I'm trying to use gradient descent to minimize an objective function. Part of the function is
$$F (x) = \|A - xB\|^2$$
where $A$ and $B$ are matrices, $x$ is a scalar and $\| \cdot \|$ denotes the Frobenius norm.
Using gradient descent, we have:
$$\delta F / \delta x = -2B(A-xB)$$
Then we update $x$:
$$x = x - \delta F / \delta x = x +2B(A-xB)$$
In this equation, since $A$ and $B$ are matrices, so $2B(A-xB)$ is a matrix and can't be subtracted from $x$ which is a scalar.

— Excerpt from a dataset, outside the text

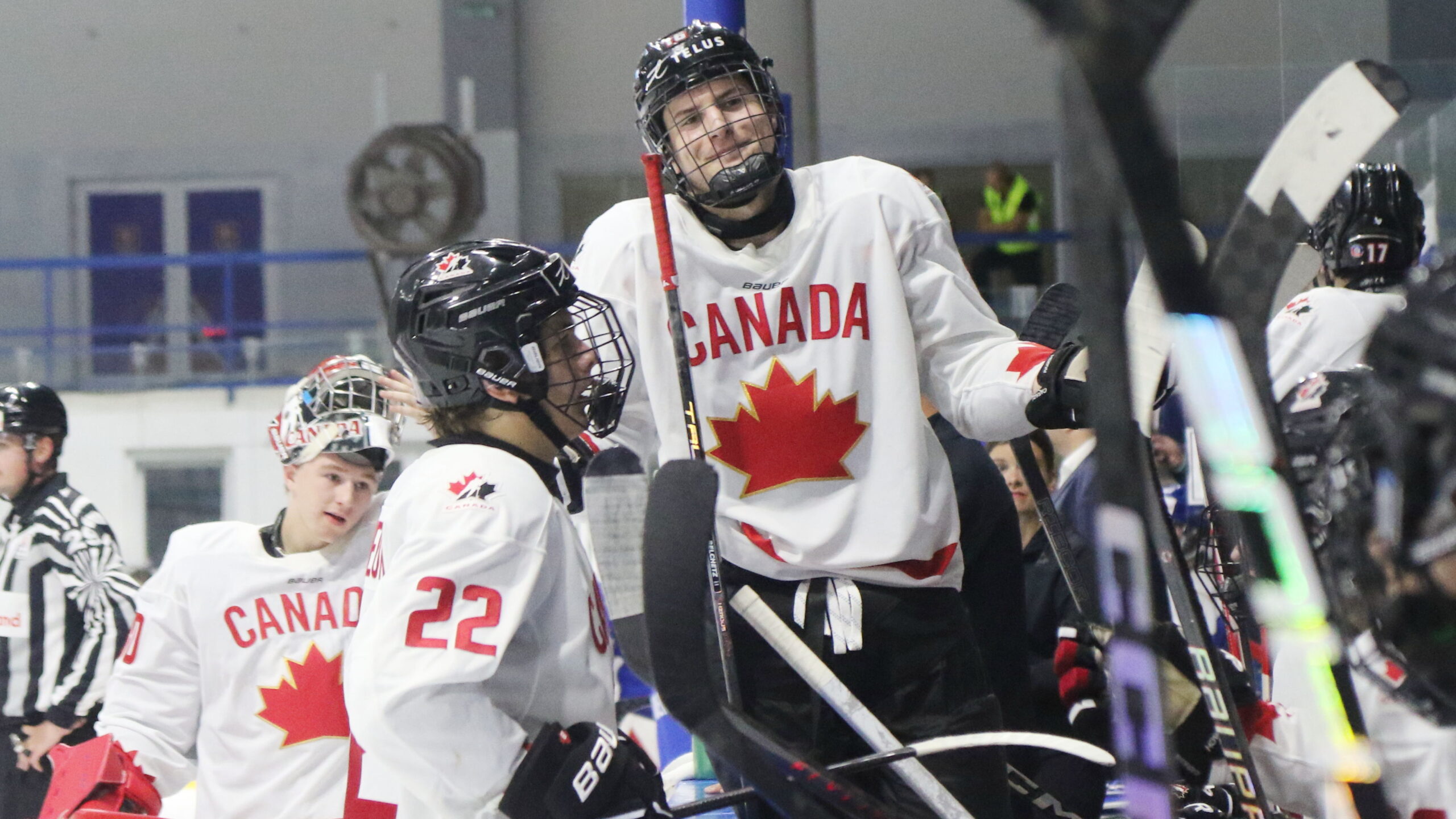 6T4A2145 9. August 2025 2560 × 1440 6T4A2145 Jean-Christoph Lemieux #22, Ethan Belchetz #16, Pre Game Hlinka Gretzky Cup 2025, SVK – CAN, ZS Piestany, © Puckfans.at / Andreas Robanser

Can someone explain to me how I can update $x$ here?
\begin{align} F (x) &= \|A - xB\|^2_F = \sum_{i,j} (A_{ij} -x B_{ij})^2 \\ \partial_x F (x) &= \partial_x \sum_{i,j} (A_{ij} -x B_{ij})^2 \\ &= \sum_{i,j} 2(A_{ij} -x B_{ij})\partial_x (A_{ij} -x B_{ij}) \\ &= -2 \sum_{i,j} (A_{ij} -x B_{ij})(- B_{ij}) \\ &= -2\left[ \sum_{i,j}A_{ij}B_{ij} - xB_{ij}^2 \right] \\ &= -2\left[ S(A\odot B) - x ||B||_F^2 \right] \end{align} where $\odot$ is the Hadamard product and $S(M) = \sum_{i,j} M_{i,j}$.